Selanjutnya harapan kami semoga laporan “LAPORAN MINI RISET PENGUNJUNG MASJID AGUNG BANTEN LAMA” ini dapat menambah pengetahuan dan pengalaman bagi para pembaca, Untuk ke depannya dapat memperbaiki bentuk maupun menambah isi makalah agar menjadi lebih baik lagi.
Karena keterbatasan pengetahuan maupun pengalaman kami, Kami yakin masih banyak kekurangan dalam laporan ini, Oleh karena itu kami sangat mengharapkan saran dan kritik yang membangun dari pembaca demi kesempurnaan makalah ini.
DAFTAR ISI
Kata pengantar ................................................................................................. 1
Daftar isi .......................................................................................................... 2
BAB I PENDAHULUAN ................................................................................. 3
1.1. Latar Belakang .................................................................................... 3
1.2. Rumusan Masalah ............................................................................... 3
1.3. Tujuan Penulis ..................................................................................... 4
BAB II TINJAUAN PUSTAKA ...................................................................... 5
2.1. Banten Sebelum Direnovasi ................................................................. 5
2.2. Banten Dalam Artikel “Banten Dalam Angka” .................................... 11
2.3. Artikel Tentang Penelitian Banten Lama ............................................. 16
Respon Masyarakat Sebagai Pengunjung Di Banten Lama ........................ 21
BAB III PENUTUP ........................................................................................... 26
3.1. Kesimpulan ........................................................................................... 26
3.2. Saran ..................................................................................................... 26
DAFTAR PUSTAKA ...................................................................................... 27
BAB I
PENDAHULUAN
1.1. Latar Belakang
Indonesia merupakan negara yang memiliki bermacam-macam kebudayaan dari berbagai daerahnya masing-masing . kebudayaan di Indonesia memiliki karakteristik kebudayaan sendiri yang dipengaruhi oleh berbagai macam faktor, terutama faktor geografis, agama, politik, ekonomi dsb. Kebudayaan Indonesia tersebar dibanyak daerah. Tersebar di 34 Provinsi yang ada di Indonesia dengan berbagai ciri khas dan karakteristik. Bentuknya pun dapat bermacam-macam, karena sejatinya kebudayaan adalah nilai-nilai kedaerahan yang dikemas dalam berbagai bentuk.

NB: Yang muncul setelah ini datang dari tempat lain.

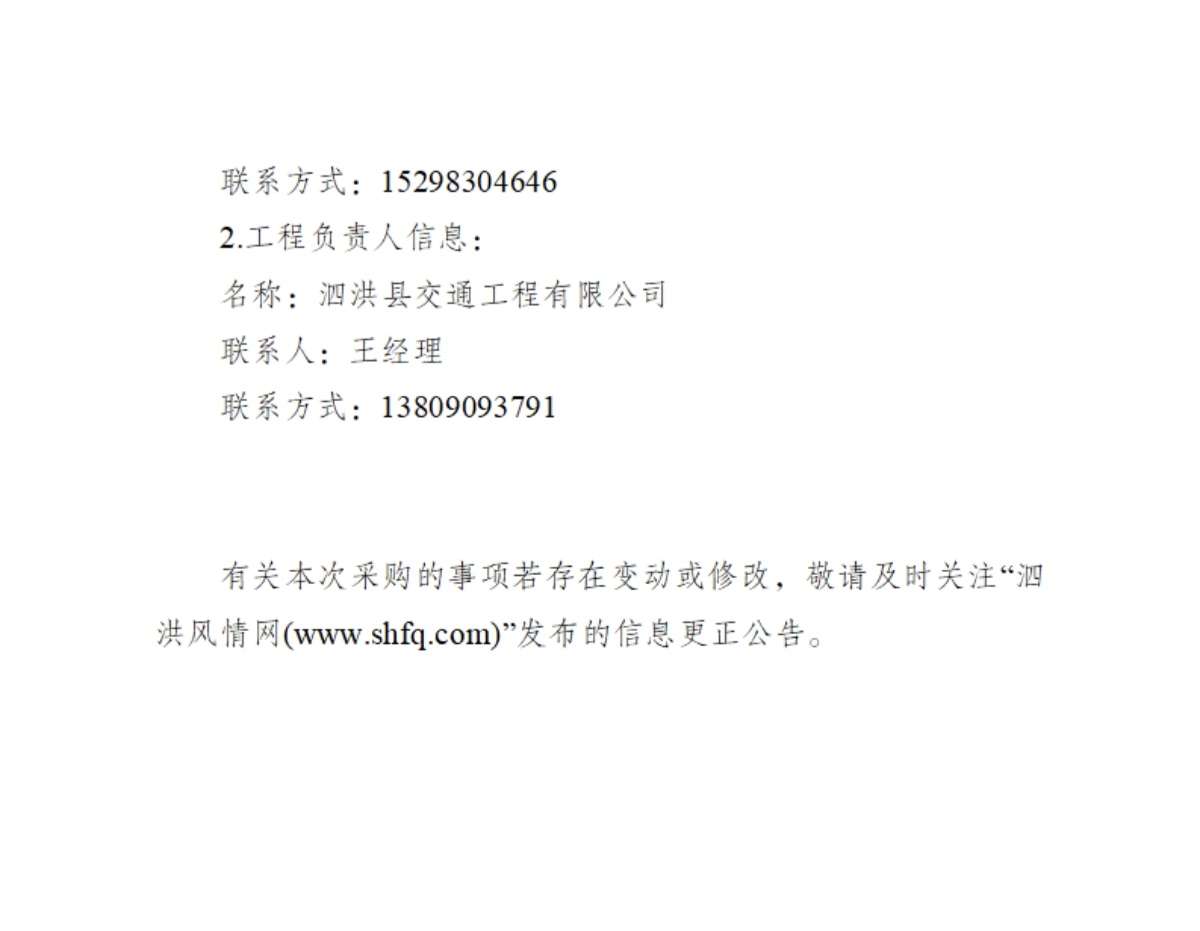 泗洪县交通工程有限公司土方运输(二次)采购项目询价公告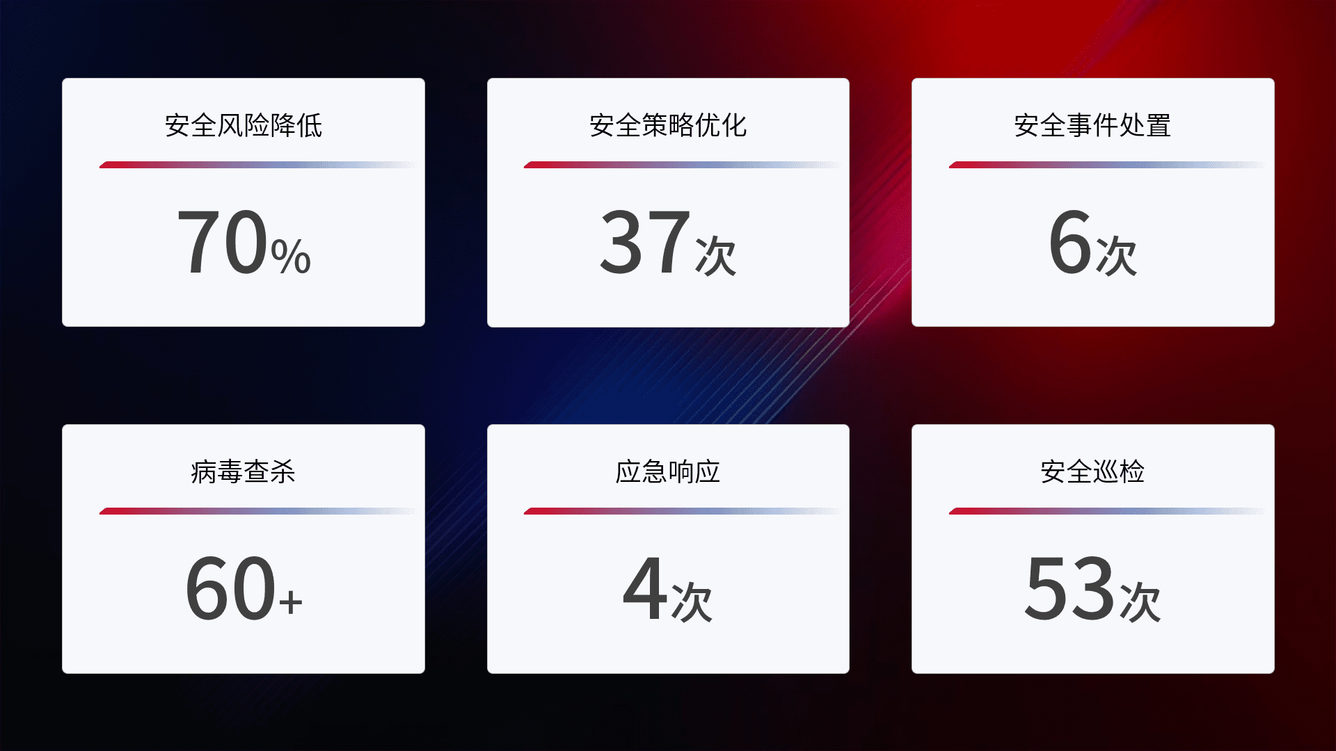 提供全面的安全事件报告体系,,,,包括处置报告、、、周报、、季度和年度总结,,,,结合持续监控,,,帮助客户深入了解网络安全状况。。。

Banten pada masa lalu merupakan daerah dengan kota pelabuhan yang sangat ramai serta dengan masyarakat yang terbuka dan makmur. Banten adalalah provinsi diwilayah paling barat di Pulau Jawa, Indonesia. banten pada abad ke-5 merupakan bagian dari kerajaan Tarumanegara yang beragama hindu, namun setelah runtuhnya kerajaan Tarumanegara maka dilanjutkan oleh kerajaan Sunda. Lalu Maulana Hasanuddin mendirikan kesultanan Banten. Pada masa pemerintahannya masjid pertama yang dibangun adalah Masjid Agung Banten Lama, yang sampai hari ini masih terjaga dengan baik. Masjid agung ini merupakan simbol kejayaan islam dimasa itu. Dimasjid ini banyak terdapat aktivitas yang dapat dilakukan, seperti berziarah, mendapati bukti-bukti sejarah, menikmati arsitektur masjid yang cukup tersohor.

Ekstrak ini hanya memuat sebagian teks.